**Task description**
Shown below is a listing with pictures; reproduce exactly, and only, the lines between the ones containing "Opta預(yù)測晉級歐冠" and "Dinosaur Game Baskılı", inclusive, leaving the pictures out.

**Data in this exercise**
-------

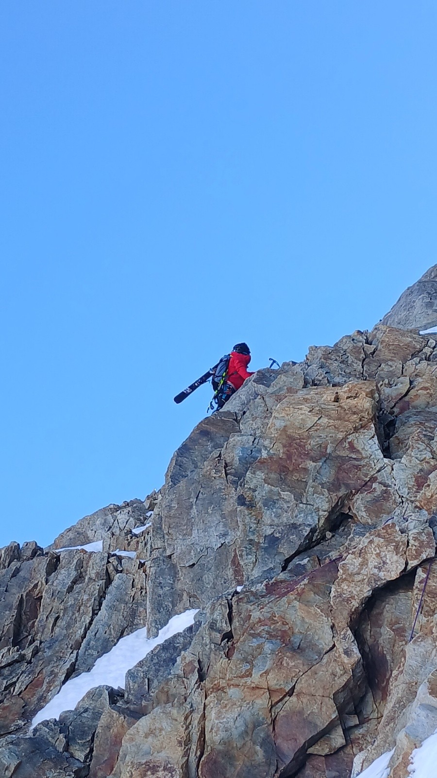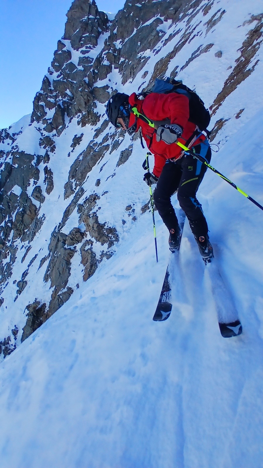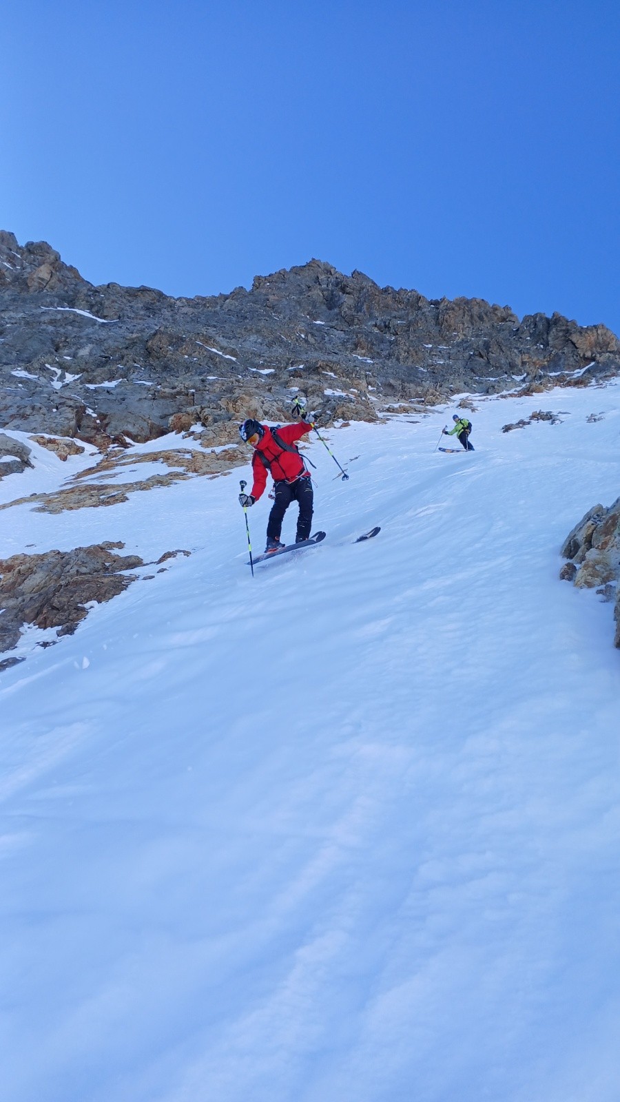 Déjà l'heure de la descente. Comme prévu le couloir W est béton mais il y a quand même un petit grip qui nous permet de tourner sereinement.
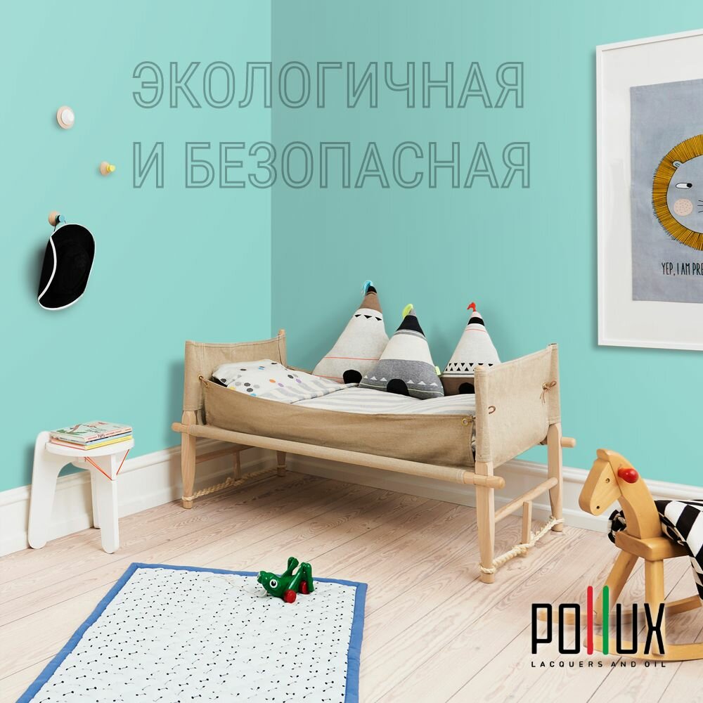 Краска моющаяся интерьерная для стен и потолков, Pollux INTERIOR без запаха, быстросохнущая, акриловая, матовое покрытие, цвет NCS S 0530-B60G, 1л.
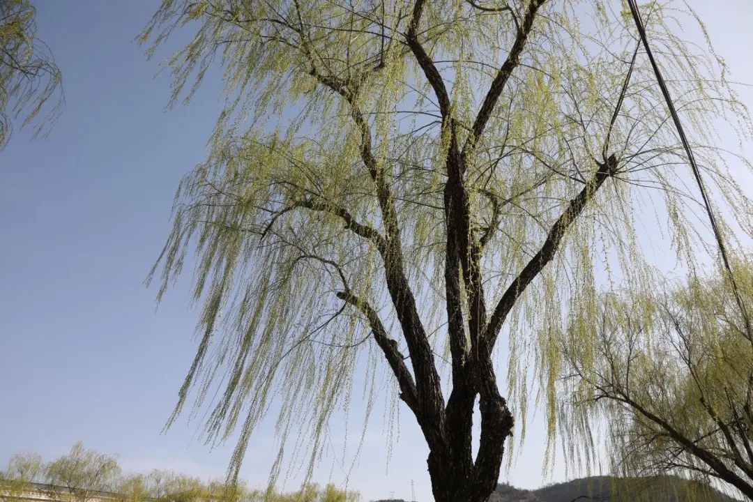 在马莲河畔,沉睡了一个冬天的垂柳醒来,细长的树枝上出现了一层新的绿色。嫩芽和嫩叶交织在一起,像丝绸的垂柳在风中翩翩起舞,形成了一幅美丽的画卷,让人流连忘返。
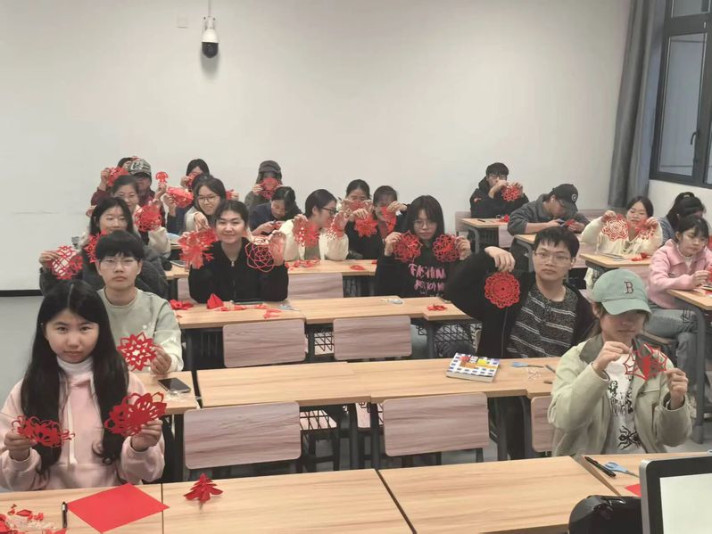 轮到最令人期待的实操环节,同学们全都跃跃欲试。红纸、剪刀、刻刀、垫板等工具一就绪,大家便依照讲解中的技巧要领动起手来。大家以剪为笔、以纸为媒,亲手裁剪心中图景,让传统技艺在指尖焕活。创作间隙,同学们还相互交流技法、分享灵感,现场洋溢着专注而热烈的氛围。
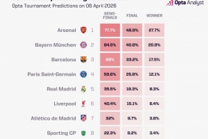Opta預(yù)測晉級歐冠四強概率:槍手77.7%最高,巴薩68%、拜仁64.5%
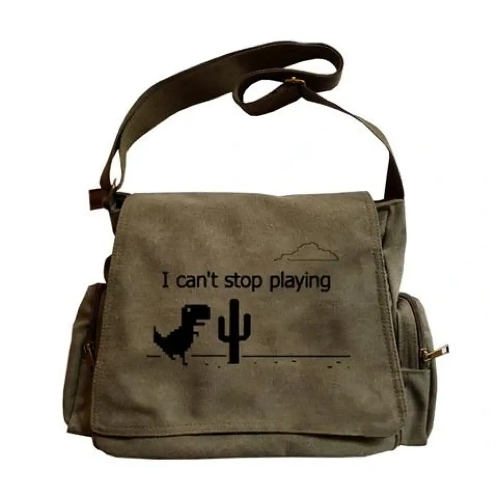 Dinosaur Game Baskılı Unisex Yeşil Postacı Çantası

-------

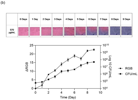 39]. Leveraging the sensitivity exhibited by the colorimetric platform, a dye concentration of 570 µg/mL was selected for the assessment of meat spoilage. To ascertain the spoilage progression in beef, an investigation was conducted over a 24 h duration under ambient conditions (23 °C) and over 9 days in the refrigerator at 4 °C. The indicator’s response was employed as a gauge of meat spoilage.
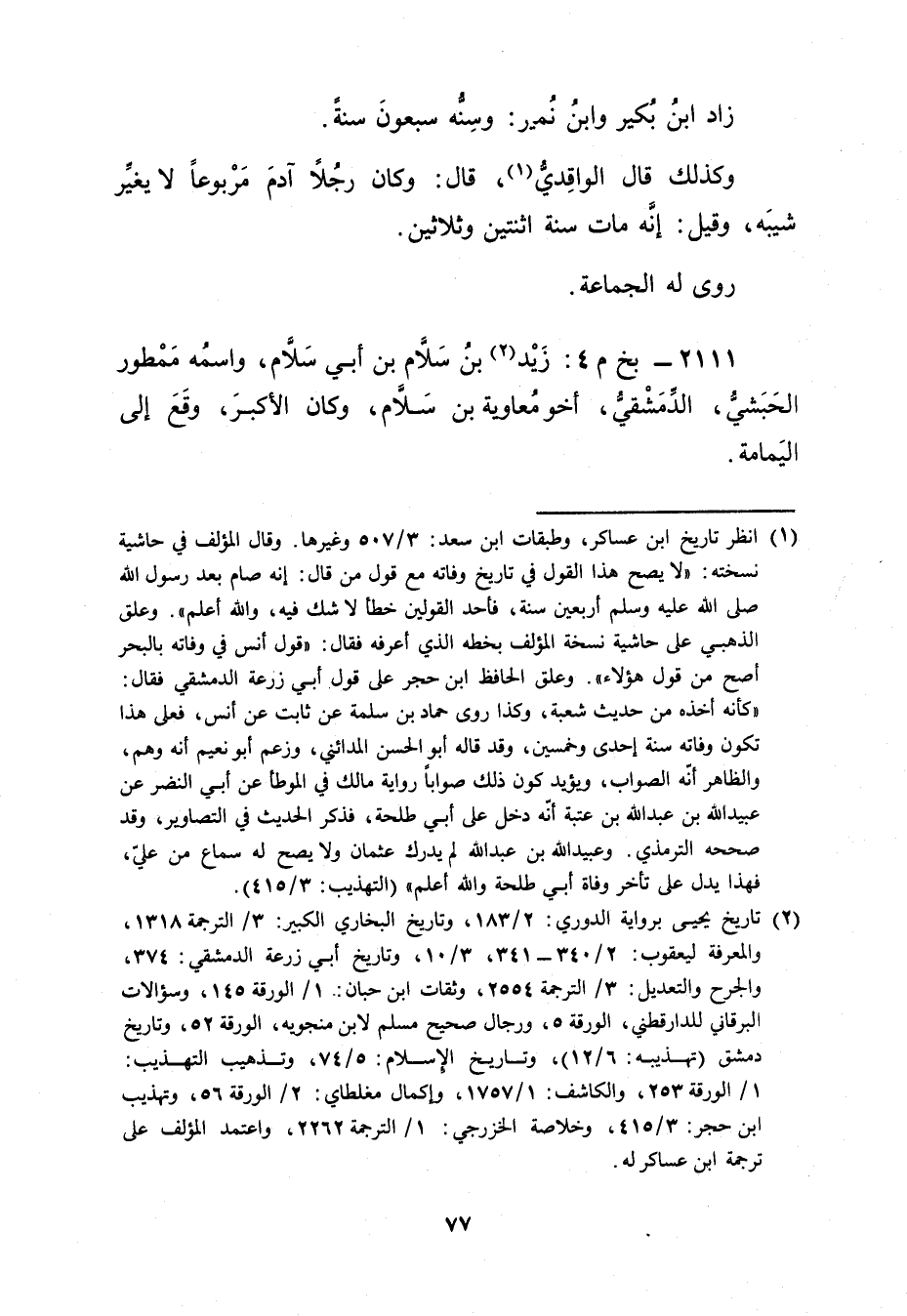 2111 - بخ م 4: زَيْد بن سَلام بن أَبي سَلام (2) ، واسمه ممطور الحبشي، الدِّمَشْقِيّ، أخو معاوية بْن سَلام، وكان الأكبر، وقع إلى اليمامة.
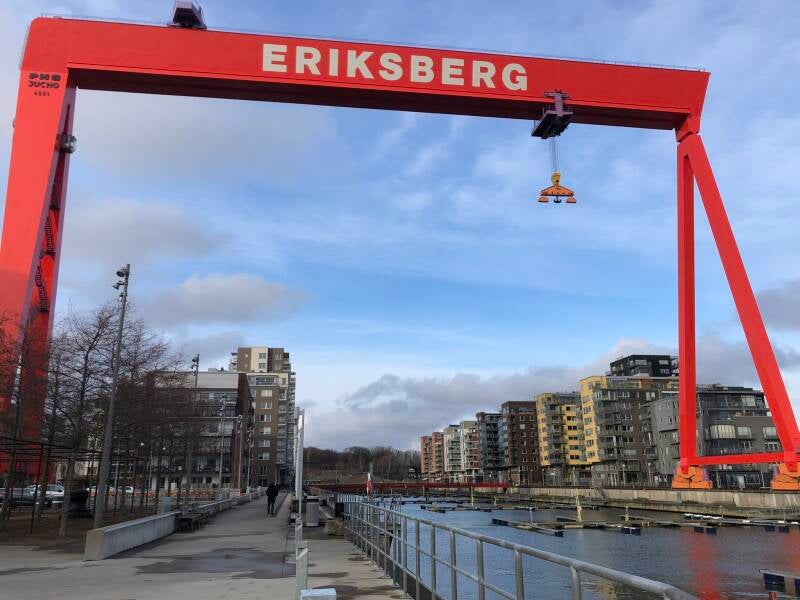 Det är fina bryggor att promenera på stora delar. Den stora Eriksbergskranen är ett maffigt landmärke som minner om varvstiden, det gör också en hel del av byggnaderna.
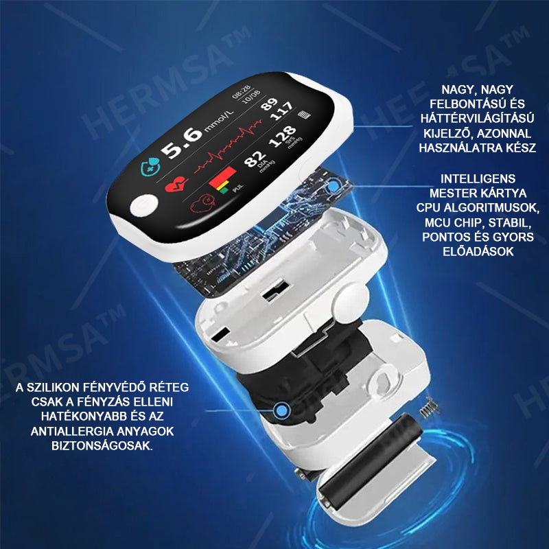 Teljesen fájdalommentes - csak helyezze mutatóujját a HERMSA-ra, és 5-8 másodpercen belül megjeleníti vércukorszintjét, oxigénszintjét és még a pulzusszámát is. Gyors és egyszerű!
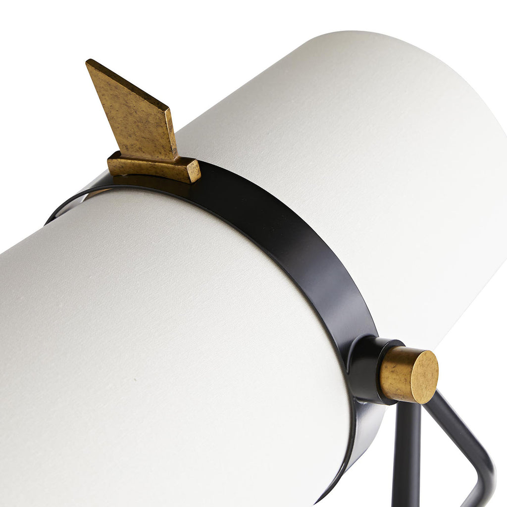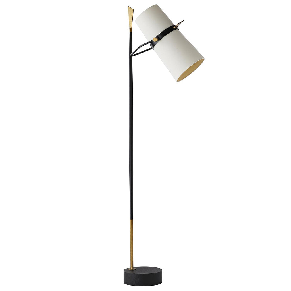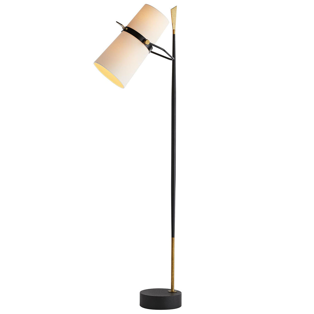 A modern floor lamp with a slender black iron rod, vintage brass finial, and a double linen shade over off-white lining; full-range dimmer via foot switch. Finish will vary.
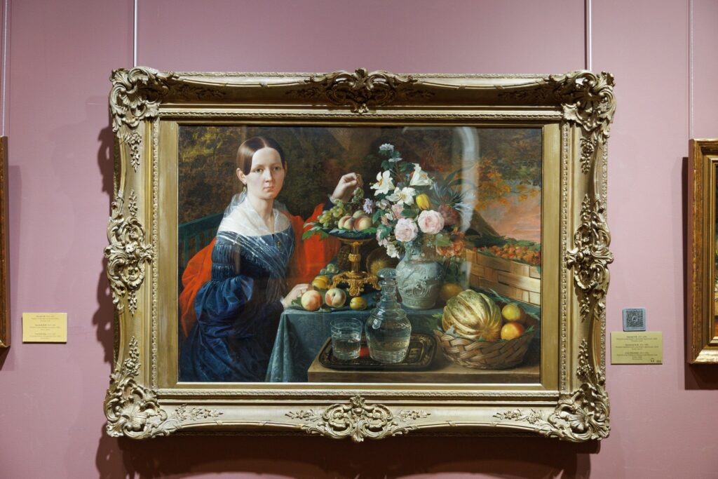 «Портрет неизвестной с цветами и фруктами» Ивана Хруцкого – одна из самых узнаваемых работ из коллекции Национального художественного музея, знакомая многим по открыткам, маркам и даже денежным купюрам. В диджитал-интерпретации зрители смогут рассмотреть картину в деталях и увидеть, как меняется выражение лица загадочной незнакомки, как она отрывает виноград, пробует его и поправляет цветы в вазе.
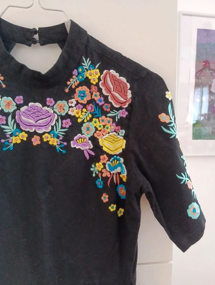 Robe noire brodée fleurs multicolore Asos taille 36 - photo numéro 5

-------

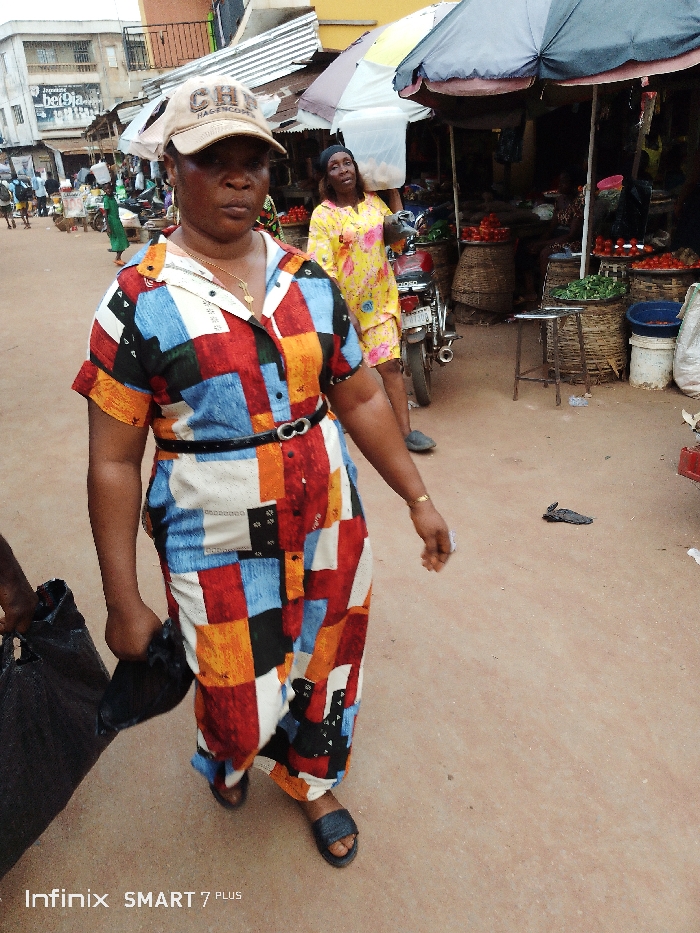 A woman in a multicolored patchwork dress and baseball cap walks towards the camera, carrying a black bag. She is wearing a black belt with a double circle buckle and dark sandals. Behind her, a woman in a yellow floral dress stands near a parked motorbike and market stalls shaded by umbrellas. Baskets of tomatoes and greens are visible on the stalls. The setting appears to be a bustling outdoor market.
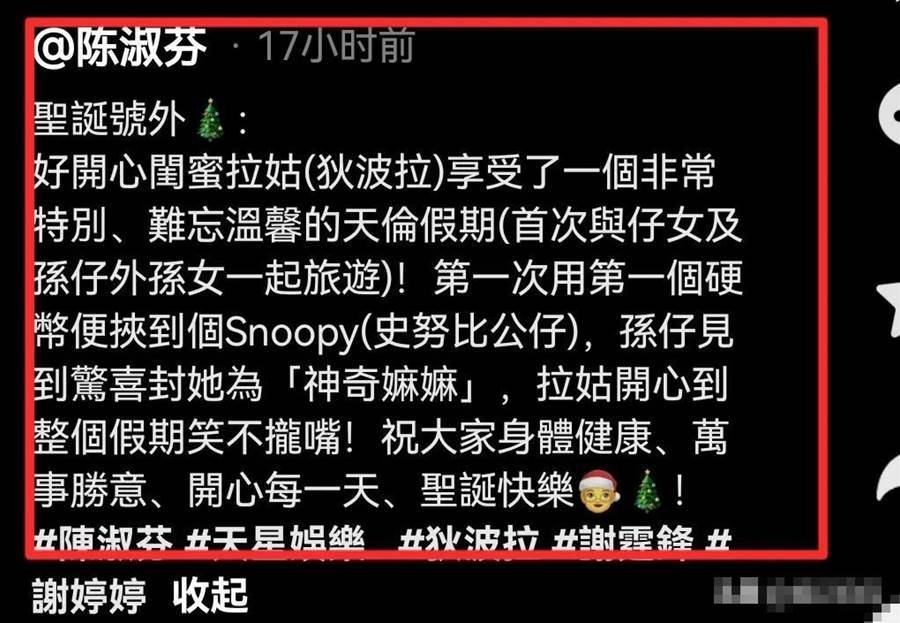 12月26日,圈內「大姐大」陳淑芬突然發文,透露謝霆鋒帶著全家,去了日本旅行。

-------

**Expected answer**
Opta預(yù)測晉級歐冠四強概率:槍手77.7%最高,巴薩68%、拜仁64.5%
 Dinosaur Game Baskılı Unisex Yeşil Postacı Çantası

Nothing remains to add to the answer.